Резко повернувшись, он угрюмо посмотрел на нее. Я ретировался в направлении бара. В обществе мужа Линда Лоринг казалась другим человеком. В голосе и выражении лица сквозила язвительность, которой в недавнем нашем разговоре я не чувствовал, хотя она и злилась.
У бара стоял Кэнди. Спросил, что я желаю выпить.
— Пока ничего, спасибо. Меня просил зайти мистер Уэйд.
— Es muy ocupado, señor.[9] Очень занят. — Я решил, что любовь к Кэнди мне не грозит. Я молча взглянул на него, и он тут же добавил: — Но я иду посмотреть. De pronto, señor.[10] — Он осторожно пробрался сквозь толпу и моментально вернулся.
— О’кей, приятель, пошли, — бодро пригласил он.
Я последовал за ним в глубину дома. Он открыл дверь. Я вошел, он прикрыл ее за мной, и шум сразу затих.

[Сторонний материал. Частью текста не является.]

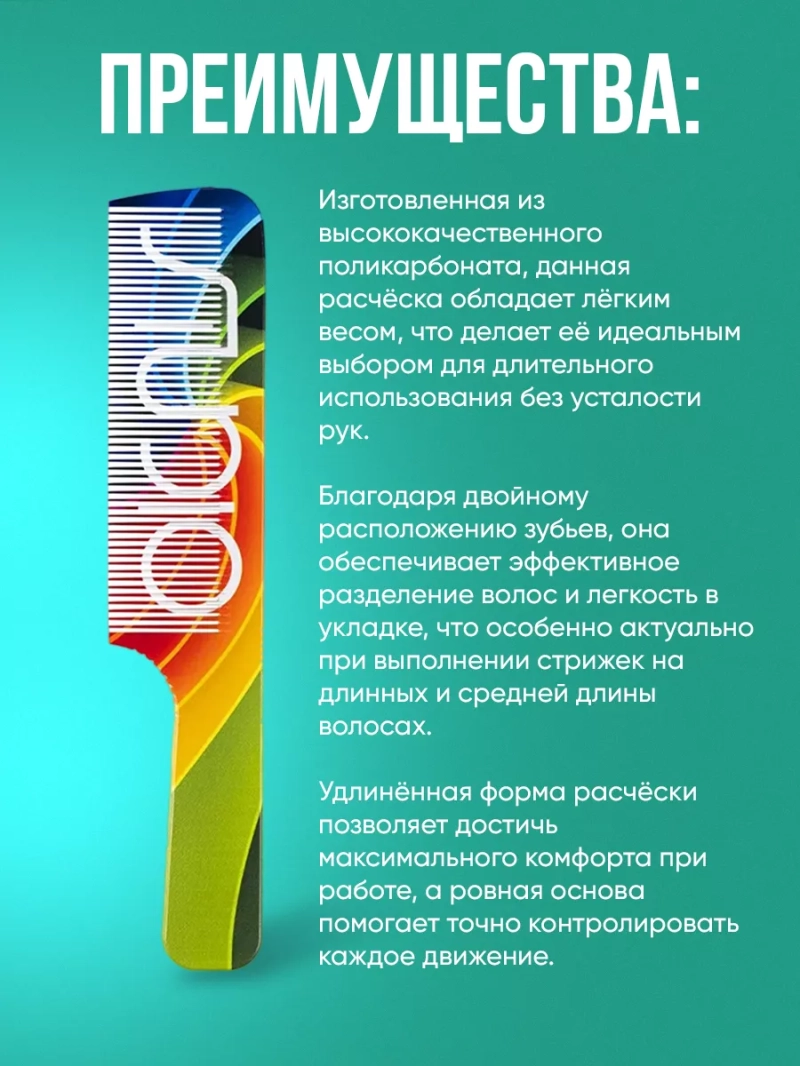 Расческа парикмахерская c ручкой 209*42 мм – это незаменимый инструмент для профессионалов и любителей парикмахерского искусства. Изготовленная из высококачественного поликарбоната, данная расчёска обладает лёгким весом, что делает её идеальным выбором для длительного использования без усталости рук. Благодаря двойному расположению зубьев, она обеспечивает эффективное разделение волос и легкость в укладке, что особенно актуально при выполнении стрижек на длинных и средней длины волосах. Удлинённая форма расчёски позволяет достичь максимального комфорта при работе, а ровная основа помогает точно контролировать каждое движение. Это особенно важно для парикмахеров, стремящихся к идеальному результату. Расческа парикмахерская c ручкой 209*42 мм станет вашим надёжным помощником в создании стильных и аккуратных причесок. Эта расчёска прекрасно подходит как для профессиональных парикмахеров, так и для домашнего использования. С её помощью вы сможете не только стригать, но и укладывать волосы, создавая разнообразные образы. Она легко очищается и не требует особого ухода, что делает её ещё более привлекательной для покупателей. Покупая расчёску парикмахерскую c ручкой 209*42 мм, вы получаете не просто инструмент, а настоящего помощника в мире стиля и красоты. Не упустите возможность улучшить свой арсенал парикмахерских принадлежностей и сделайте выбор в пользу качества и удобства!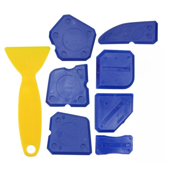 • 【Package Content】Includes 7 pieces blue sealant tools in different shapes and 1 piece yellow scraper

Комната была угловая — большая, тихая, прохладная. За стеклянной дверью виднелись розовые кусты, в окне сбоку дышал кондиционер. С порога было видно озеро и Уэйда — он растянулся на длинном кожаном диване. На солидном письменном столе светлого дерева стояла пишущая машинка, рядом с ней — стопа желтой бумаги.
— Молодец, что пришли, Марло, — протянул он лениво. — Располагайтесь. Пропустили уже глоток-другой?
— Нет еще. — Я сел и посмотрел на него. На вид он был еще бледный и потрепанный. — Как ваша работа?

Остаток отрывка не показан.